- The engagement partner ensured that the engagement team collectively had the appropriate competence, capabilities and skills to identify or recognise non-compliance with applicable laws;
- Enquiry of management around actual and potential litigation and claims;
- Enquiry of management to identify any instances of non-compliance with laws and regulations;
- We reviewed correspondence with legal and regulatory bodies where applicable;
- We agreed the financial statements disclosures to underlying supporting documentation
- We reviewed the detail of certain nominal accounts for indications of management override;
- We gained an understanding of the design and implementation of the processes and controls in place within the group which are designed to prevent, detect or correct fraud or error within the financial statements
- We challenged the accounting treatment applied in respect of revenue recognised during the year, in particular in relation to manual adjustments made to revenue, cut off between accounting periods;
- We identified and tested journal entries which we considered to be unusual and me be indicative of bias on the part of management or those charged with governance, investigating the rationale behind significant or unusual transactions.
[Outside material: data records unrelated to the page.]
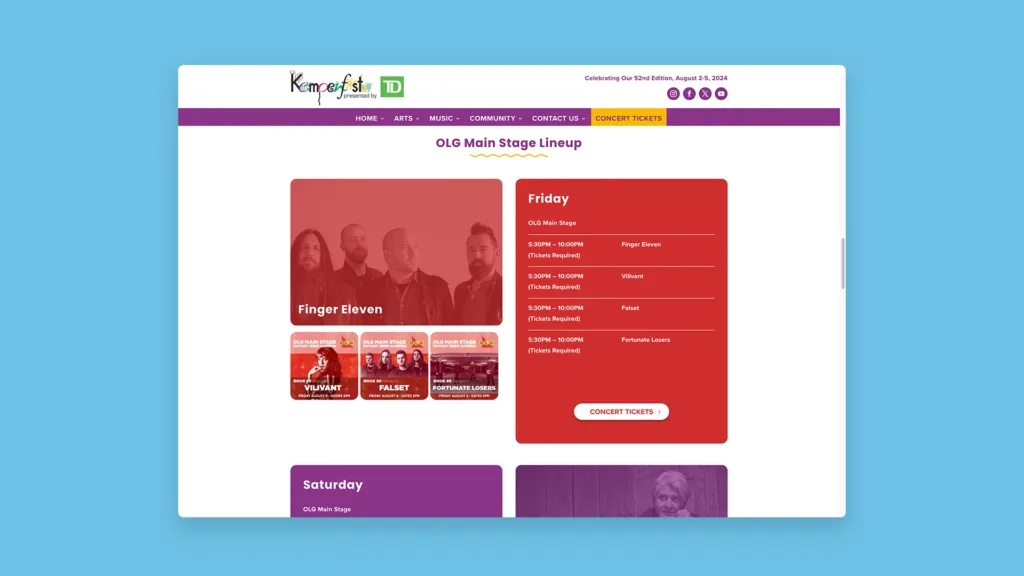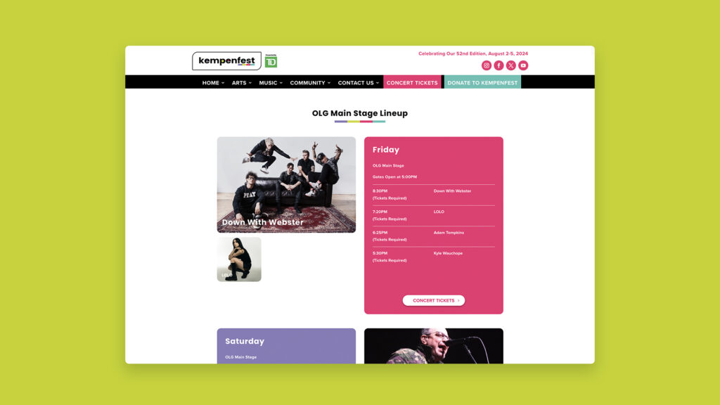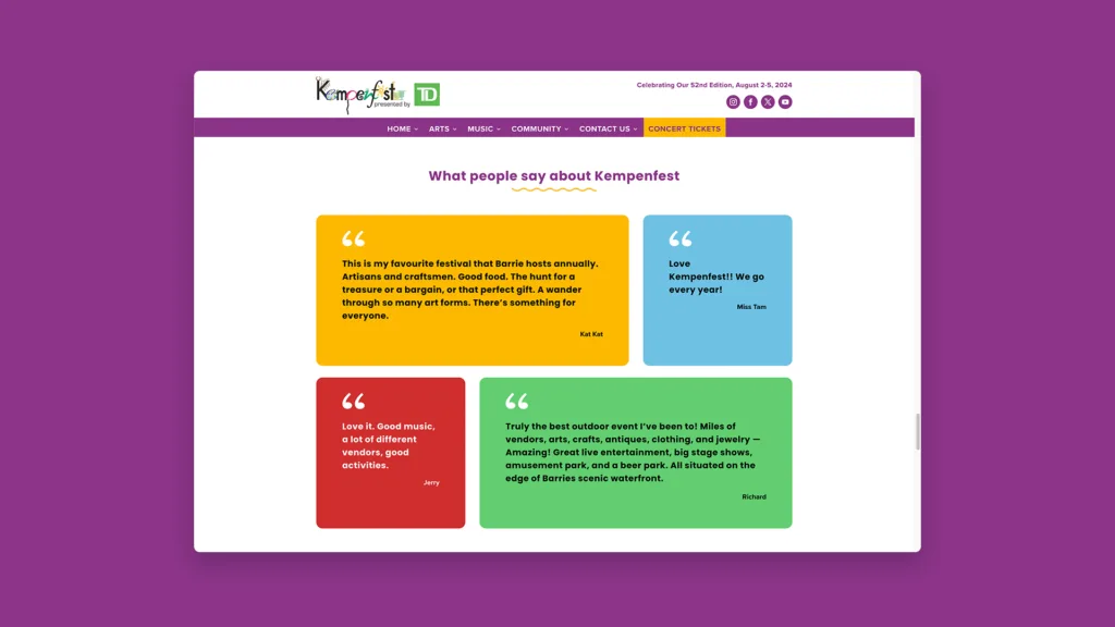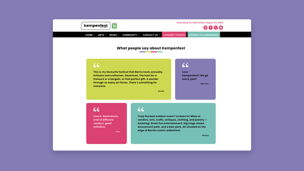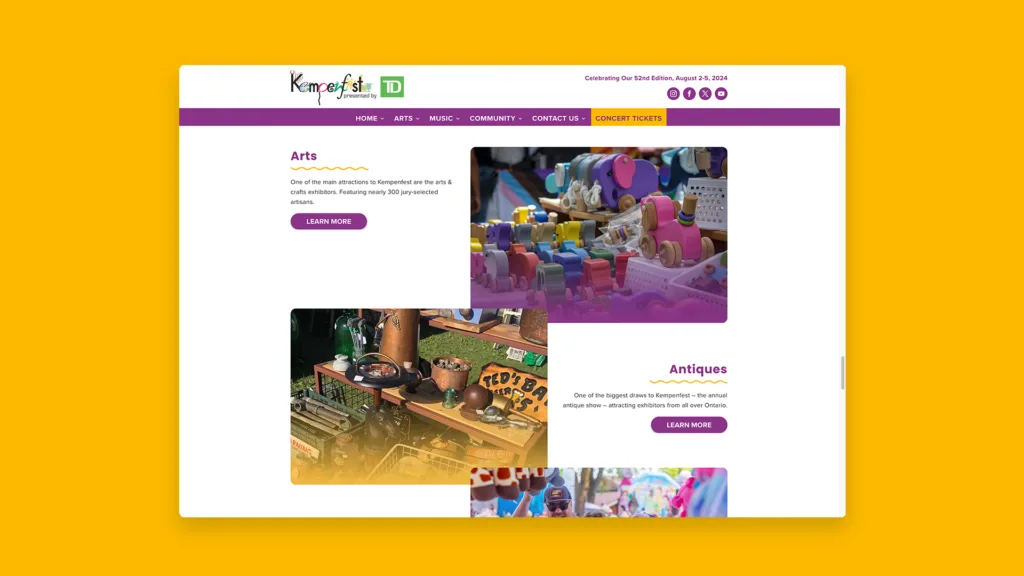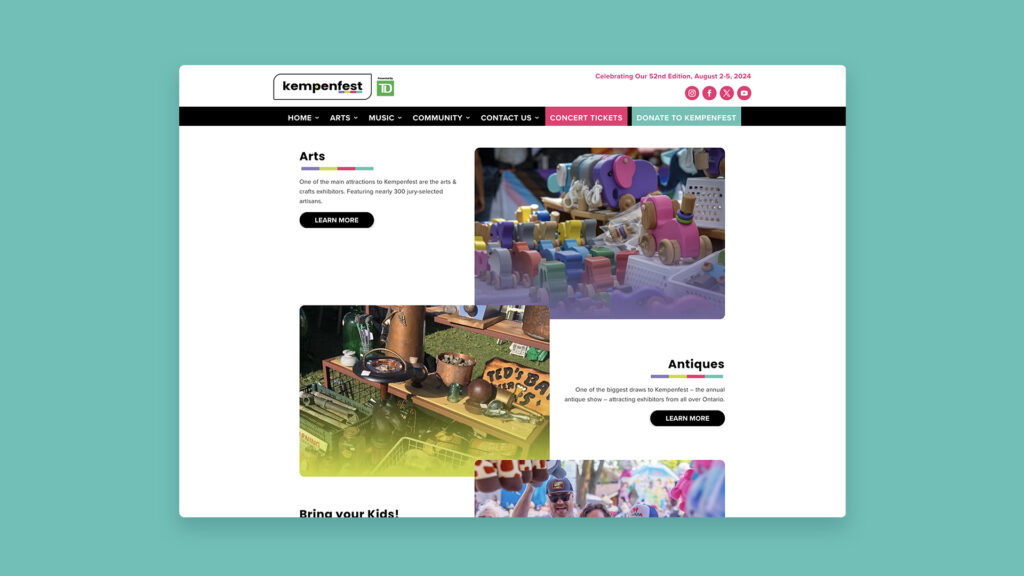 Kempenfest is one of the largest outdoor arts, crafts, and music festivals in Ontario. With so many different activities, exhibitors, and performers, they needed an easy-to-navigate website. Kempenfest’s branding expresses the vibrancy and variety of activities the festival has to offer through its colour, letterforms, and symbolism, which we used to create a unique style and palette to distinguish various sections, while showcasing their overall playfulness. In the end, we were able to take all the excitement of Kempenfest and translate it into one cohesive website.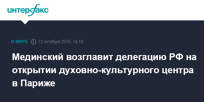 Москва. 13 октября. INTERFAX.RU - Министр культуры РФ Владимир Мединский возглавит российскую делегацию на открытии духовно-культурного центра в Париже, сообщили "Интерфаксу" в пресс-службе ведомства в среду.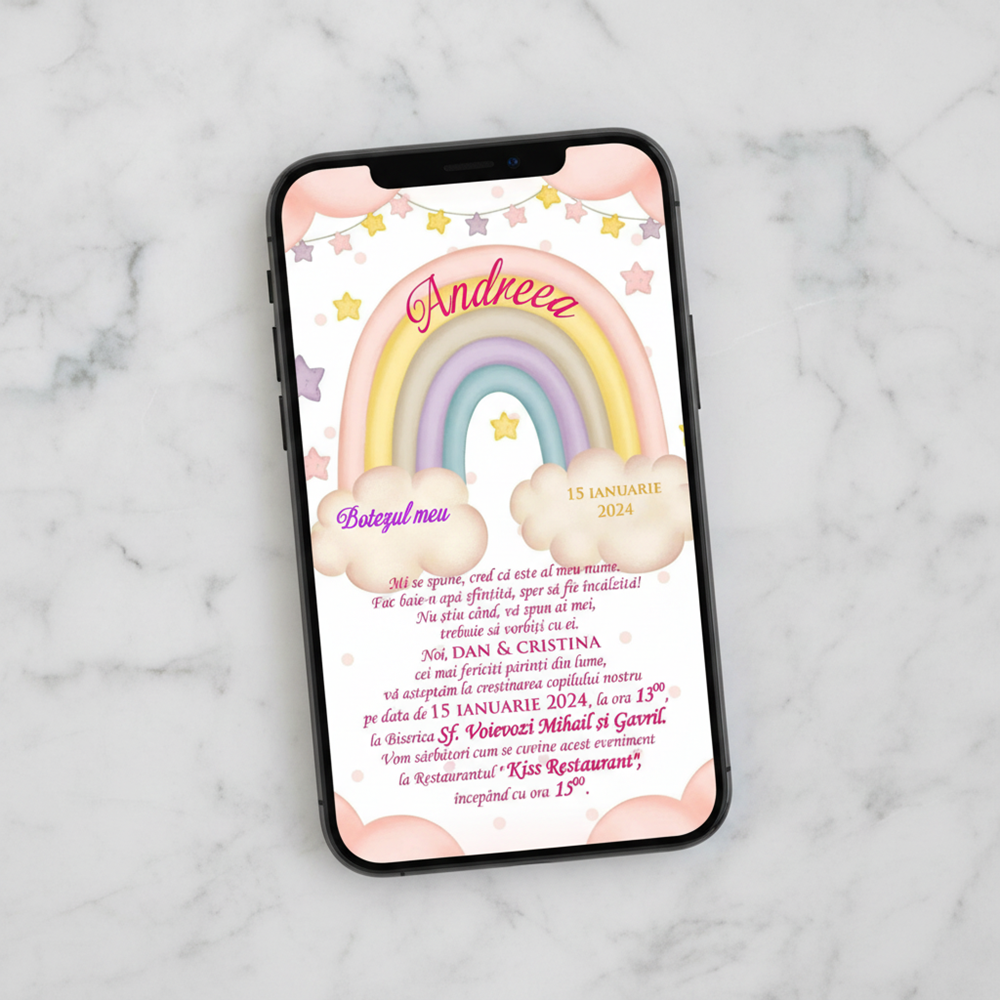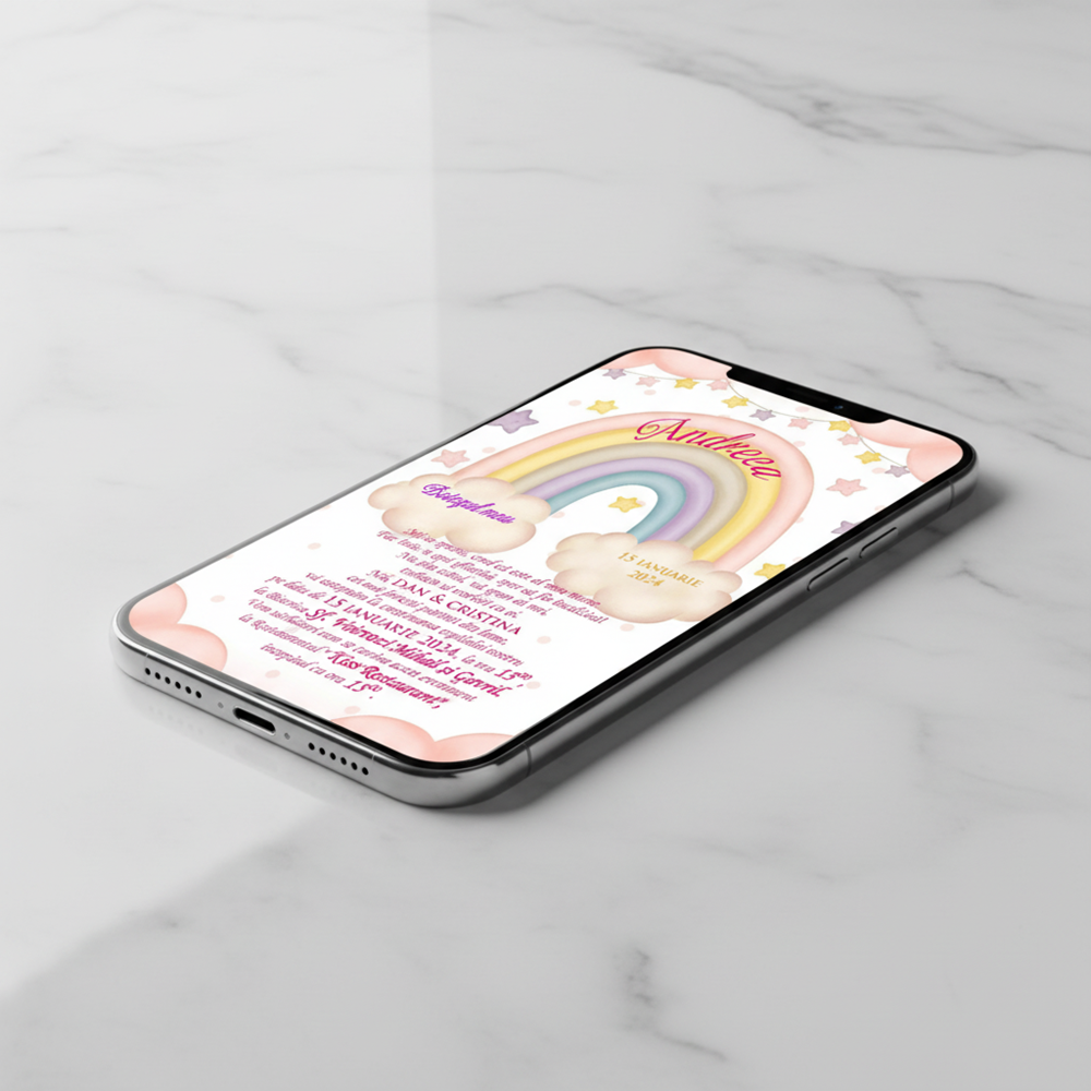 ✨ Invitatiile electronice sunt alegerea ideală pentru a economisi timp și bani! 💸⏳ Le poți trimite rapid și ușor pe Facebook sau WhatsApp, astfel încât toți invitații să fie la curent cu evenimentul vostru special! 💌🎉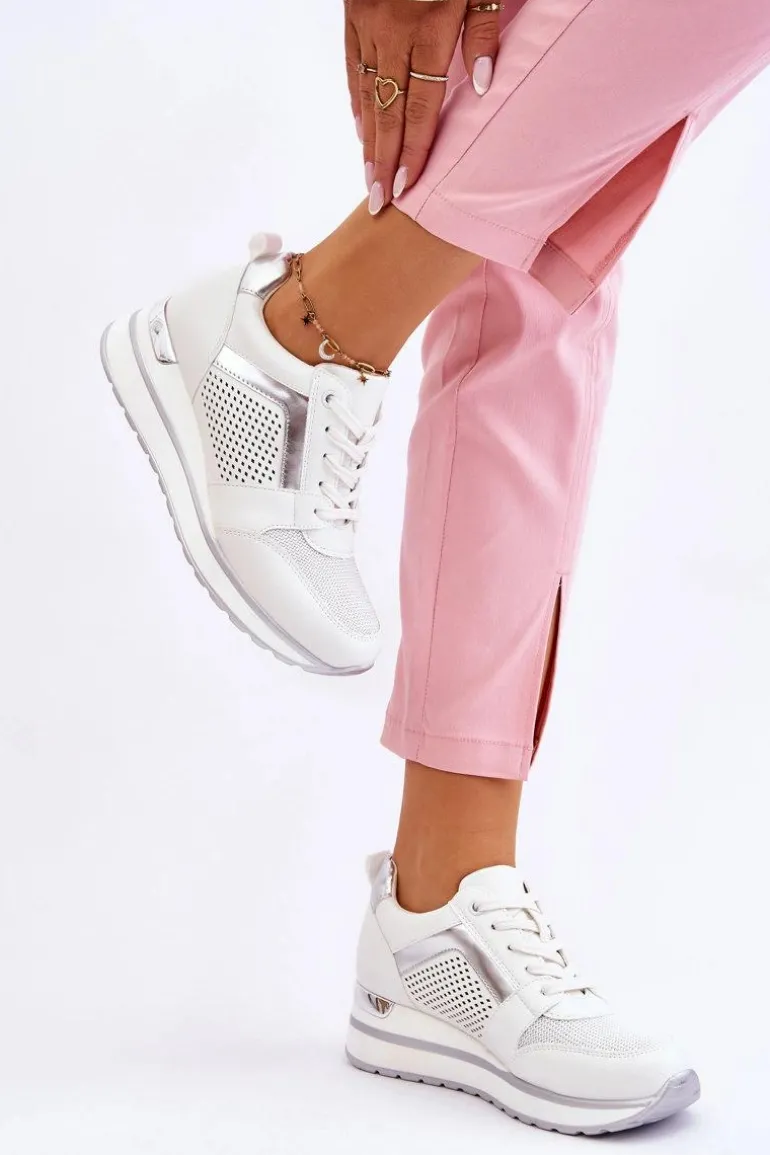 Skórzane Buty Sportowe Na Niewysokim Koturnie Białe Braylen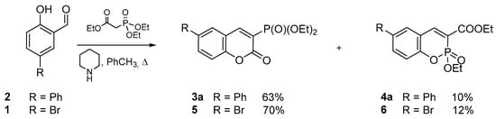 - Koleva, A.I.; Petkova-Yankova, N.I.; Nikolova, R.D. Synthesis and Chemical Properties of 3-Phosphonocoumarins and 1,2-Benzoxaphosphorins as Precursors for Bioactive Compounds. Molecules 2019, 24, 2030. [Google Scholar] [CrossRef]
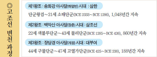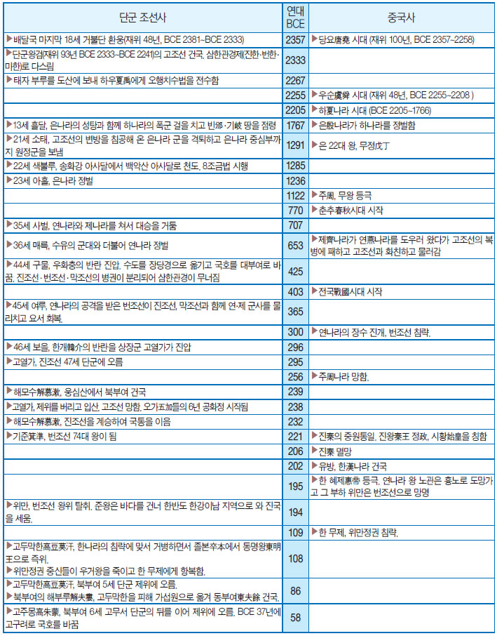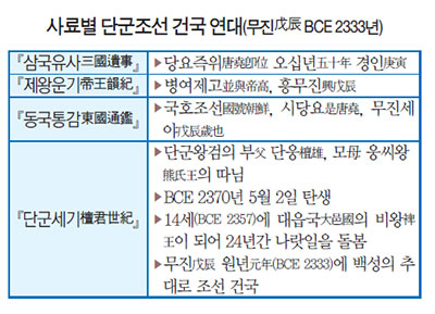 ◎단군조선이라 하면 뜻이 가장 선명할 것 같습니다. 내년부터 쓰일 우리 고교 교과서 3종에‘ 단군조선 성립 연대가 기원 전 2333년인데 그 근거가 삼국유사’라고 해서 논란이 일고 있습니다. 반면 교육부는‘ 1485년(성종 16년) 나온 우리 역사서 동국통감이 그 근거’라고 합니다. 이 대목부터 정리해주십시오. [표]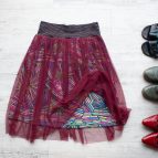 Spodní sukně z prémiové bavlněné látky – příjemné bavlněné plátno pod závojem z vínového tylu. Střih do „A“ kopíruje boky, nepřidává tak na objemu, zatímco lehounký splývavý tyl se navrch vlní kolem vašich boků. V pružném pase je všita jemná guma, díky ní pas hezky přilne, nebude se vytahovat.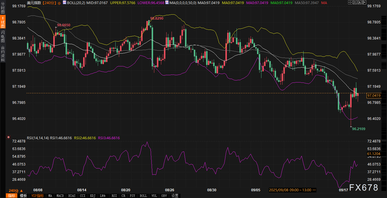 美联储降息路径是美元走势的核心变量。9月降息25个基点已部分消化,市场预期11月或12月再降25-50个基点。若降息节奏符合预期(累计50-75个基点),美元指数可能下探至98-100区间;若超预期(如75个基点以上),可能跌破98,测试95.80的第二支撑位。季度末流动性收紧(如SRF使用量激增)可能短暂推高美元融资成本,支撑DXY在9月底测试102-103。然而,全球央行(如欧元区、日本)同步宽松可能维持美元相对吸引力,限制其下行空间。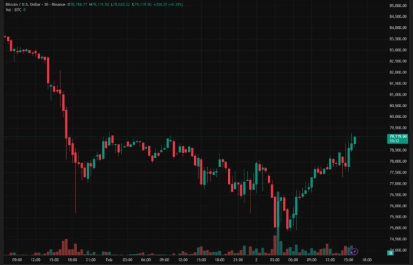 Le 2 février, le prix de la principale cryptomonnaie est tombé sous la barre des 75 000 $. Au moment de la rédaction de cet article, le prix a rebondi pour atteindre environ 79 000 $, l'actif se négociant environ 38 % en dessous de son plus haut historique d'octobre, qui s'élevait à 126 080 $.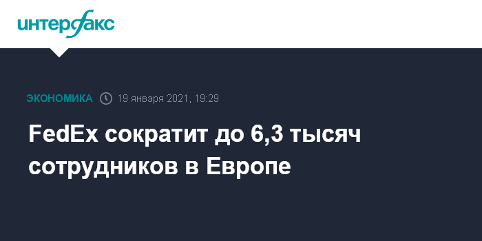 Москва. 19 января. INTERFAX.RU - Американская FedEx Corp, одна из крупнейших в мире транспортно-логистических компаний, намерена сократить от 5,5 тысяч до 6,3 тысяч рабочих мест в Европе в рамках завершения интеграции TNT Express.
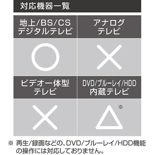 ※DVD/ブルーレイ/HDD内臓テレビでは、一部機種で対応していない場合があります。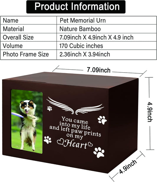 Pet Memorial Keepsake - Cat or Dog Urn with Photo Frame, Wooden Bamboo Urn for Memorial Gifts

Because of the inherent limitations of an audit, there is a risk that we will not detect all irregularities, including those leading to a material misstatement in the financial statements or non-compliance with regulation. This risk increases the more that compliance with a law or regulation is removed from the events and transactions reflected in the financial statements, as we will be less likely to become aware of instances of non-compliance. This risk is also greater regarding irregularities occurring due to fraud rather than error, as fraud involves intentional concealment, forgery, collusion, omission or misrepresentation.